Having ParmExpansionArgsSupport in Attr would allow attributes to populate with parameter packs across argument boundaries. It seems more permissive, but frankly I have no attachment to it, so I am okay with tying it to Argument instead.

Of the mentioned options, I agree #2 and #3 are the preferred paths. For simplicity I prefer #2, though I will have to figure out how best to add a check on individual arguments, which @erichkeane's suggestion to limit the attributes to only allowing parameter packs in variadic arguments as the last argument would help with. On the other hand, the population logic for most of the relevant attributes are explicitly defined in clang/lib/Sema/SemaDeclAttr.cpp (which will have to be changed with #3) so being more permissive - like the current version of the patch is - gives more freedom to the attributes.

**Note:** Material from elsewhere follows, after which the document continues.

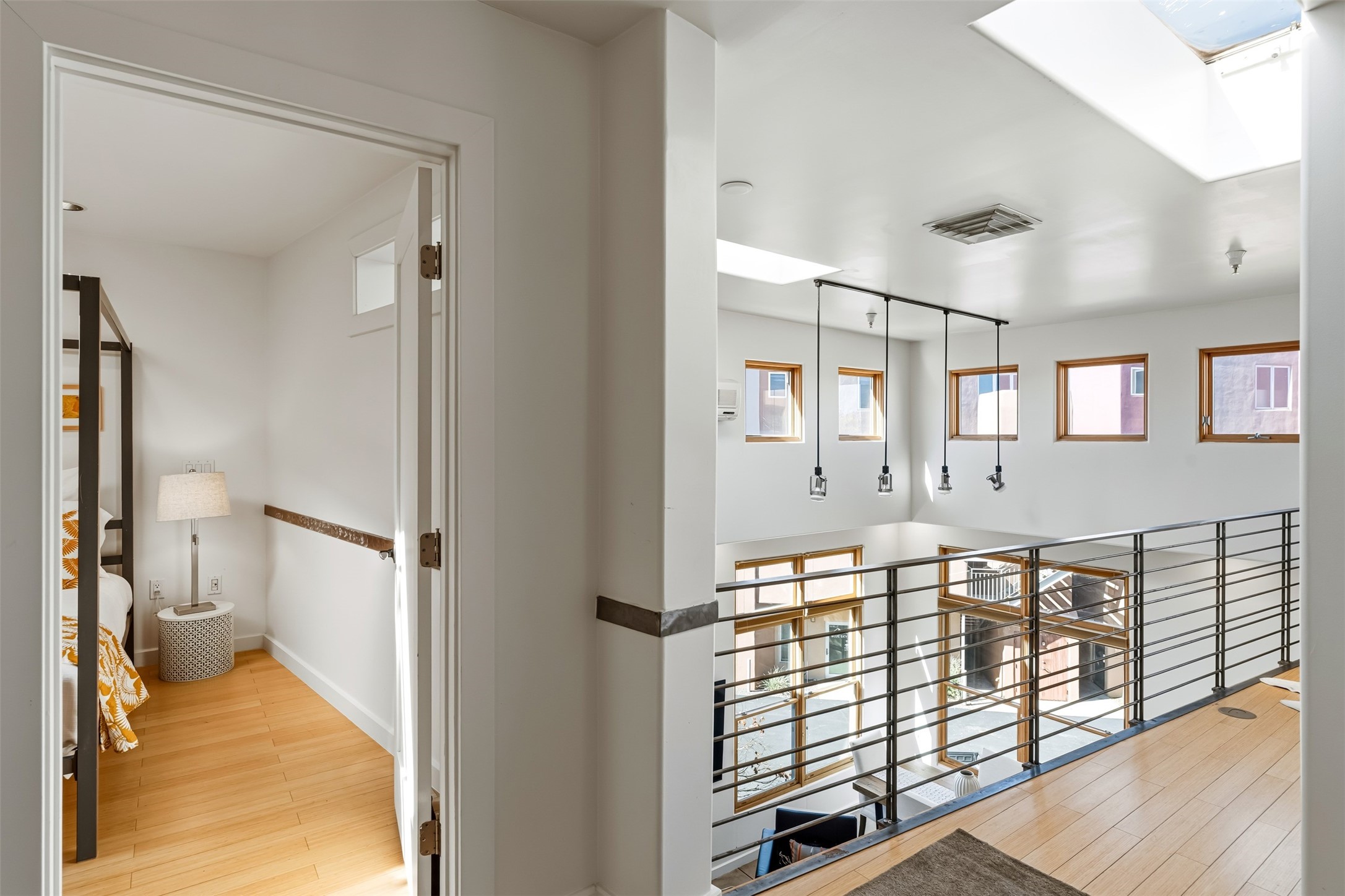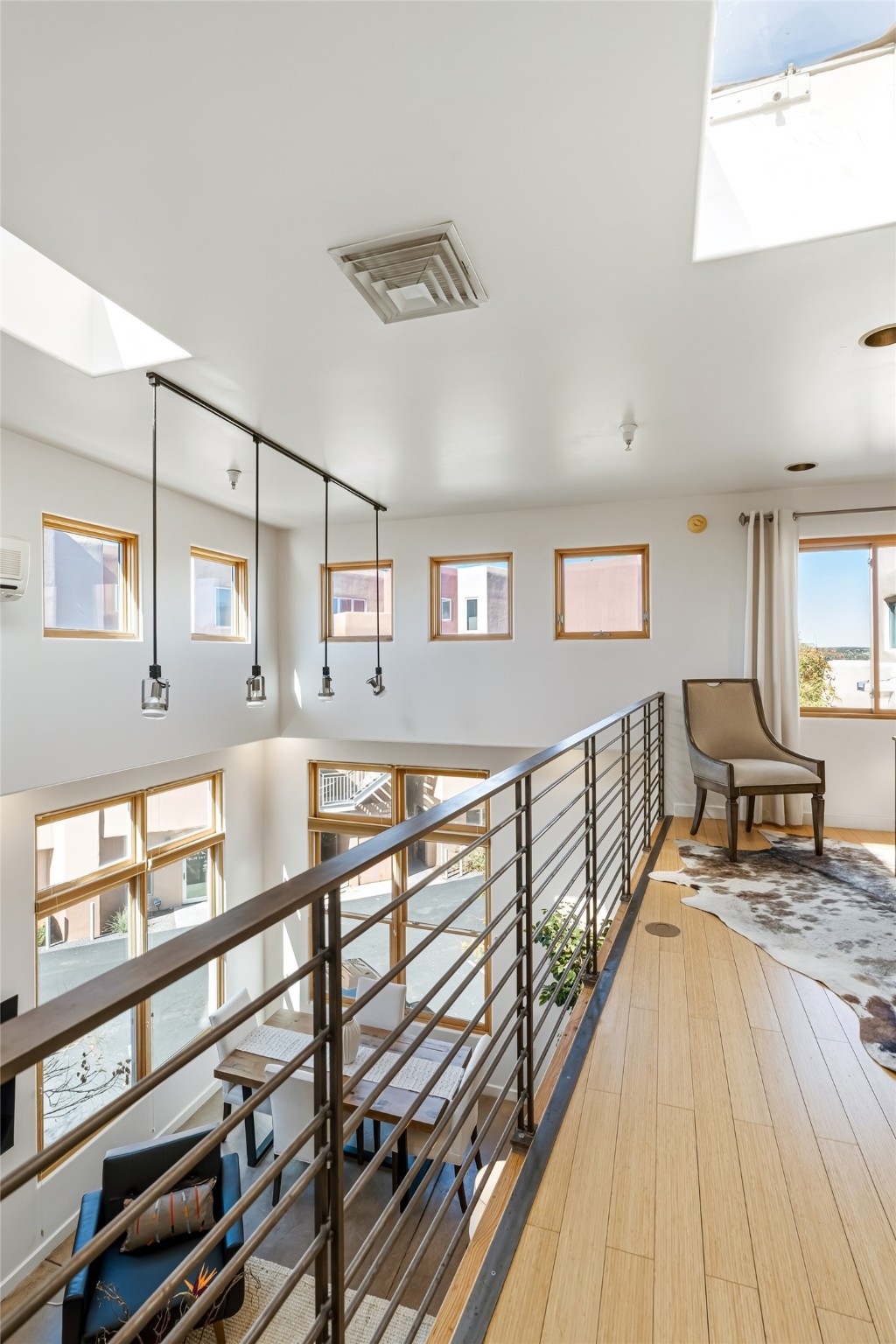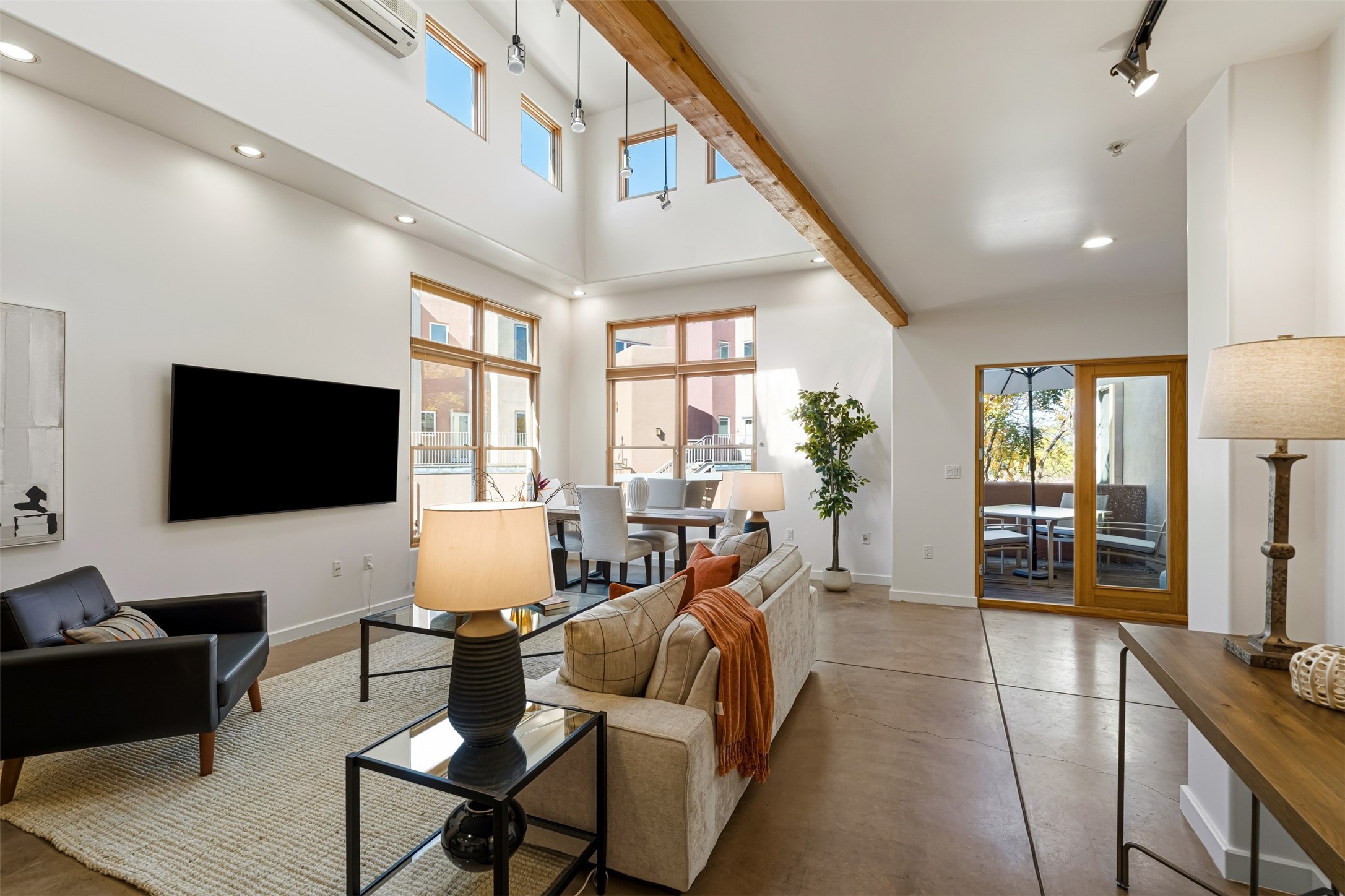 CONTEMPORARY LOFT - Modern live/work 1,400 sq. ft in Marquez Place1 BR -enclosed + 1 work space loft -open with high ceilings, great natural light. Features include Maple cabinets, Stainless kitchen appliances with marble counters and a 7' island, concrete and bamboo floors. 2nd Floor balcony with southwest views. Radiant heat (new furnace), Mini-split A/C, skylights, and efficient windows. HOA covers exterior and roof; landscaped grounds include a dog park. Prime central location near Plaza, shops, galleries and restaurants.

Does the tablegen design also seem likely to work when we want to introduce type packs instead of value packs?

I am not sure about how tablegen would take it, but the parser doesn't currently parse more than a single type argument, so I don't see a need for allowing type packs at the moment.

I think the safest bet is to be conservative and not allow mixing packs with variadics, and not allowing multiple packs. We should be able to diagnose that situation from ClangAttrEmitter.cpp to help attribute authors out. However, it'd be worth adding a FIXME comment to that diagnostic logic asking whether we want to relax the behavior at some point. But if you feel strongly that we should support these situations initially, I wouldn't be opposed.

If we limit packs to VariadicExprArgument - like annotate does in the current state of this patch - having multiple packs in the same argument is simple to handle. Both are represented as Expr and the variadic argument will simply contain two expressions until the templates are instantiated and the packs are expanded. This is also a feature I would like to keep, though it should be possible to work around the limitation if we conclude it can't stay.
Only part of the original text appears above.